Re: [Hdf-forum] Questions about size of generated Hdf5 files

Guillaume Jacquenot Tue, 23 May 2017 10:15:06 -0700

Hello Quincey

I am using version 1.8.16
I have
I am using chunk of size 1.
I have tried contiguous dataset, but I have error at runtime


I have written a test program that creates 3000 datasets filled with 64
floating point number.
I can specify the number n, which controls the number of times I saved my
data (the number of timesteps of a simulation in my case)

To sum this test program,

    call hdf5_init(filename)
    do i = 1, n
        call hdf5_write(datatosave)
    end do
    call hdf5_close()



With n =0, I have a HDF5  file with size 1.11 Mo, which corresponds to a
370 bytes per empty dataset (Totally reasonnable).
With 1 =0, I have a HDF5  file with size 7.13 Mo, which surprises me. Why
such an increase?
With 2 =0, I have a HDF5  file with size 7.15 Mo, which is leads to an
increase of 0.02 Mo which is logical : 3000*8*1/1e6 =0.024 Mo)

When setting chunk size to 10, I obtain the following results

With n =0, I have a HDF5  file with size 1.11 Mo, which corresponds to a
370 bytes per empty dataset.
With 1 =0, I have a HDF5  file with size 7.34 Mo, which surprises me.
With 2 =0, I have a HDF5  file with size 7.15 Mo, which is leads to an
increase of 3000*8*10/1e6, which is logical.
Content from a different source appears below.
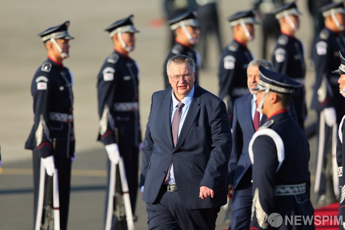[서울=뉴스핌] 알렉세이 오베르추크 러시아 국제문제 담당 부총리가 29일 2025년 APEC 정상회의에 참석하기 위해 부산 김해공항에 도착하고 있다. [사진=APEC 2025 KOREA & 연합뉴스] 2025.10.29 photo@newspim.com
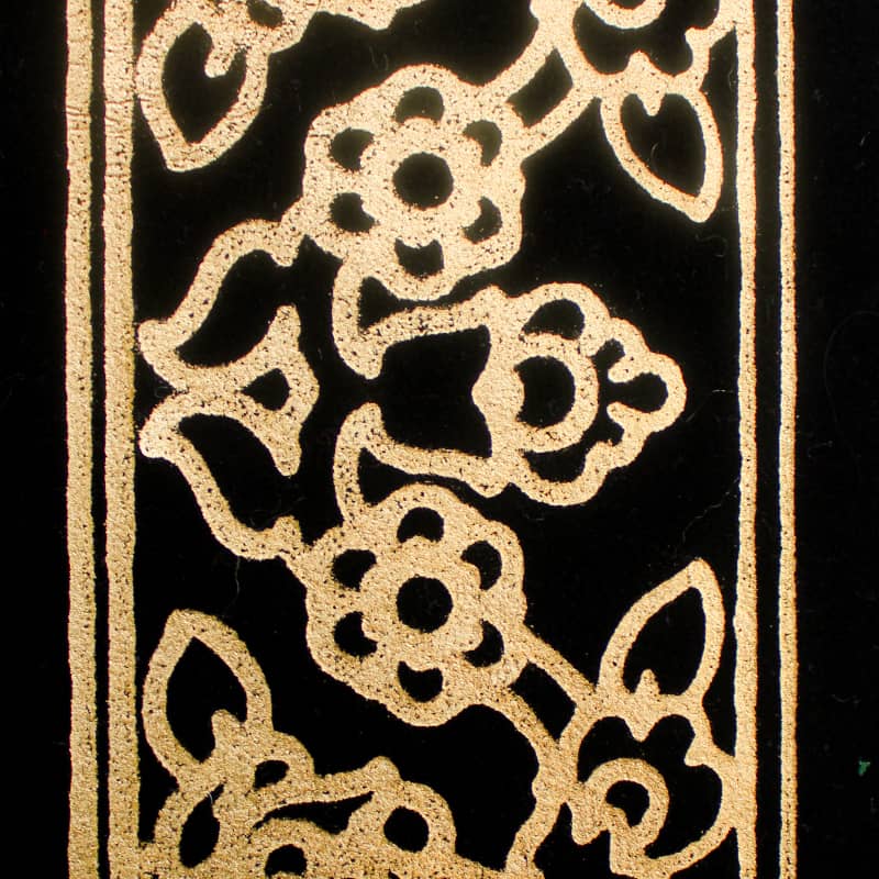 از نقطه قوت های مشترکی که در بین پرچم های مخمل با چاپ طلاکوب است حاشیه ریشه دوزی شده در پایین پرچم می باشد که جلوه دیگری به پرچم میدهد.

I don't understand the first increase of size. It does not make this data
storage very efficient.
Do you think coumpound dataset with 3000 columns will present the same
behaviour? I have not tried since I don't know how to map the content of an
array when calling the h5dwrite_f function for a compound dataset.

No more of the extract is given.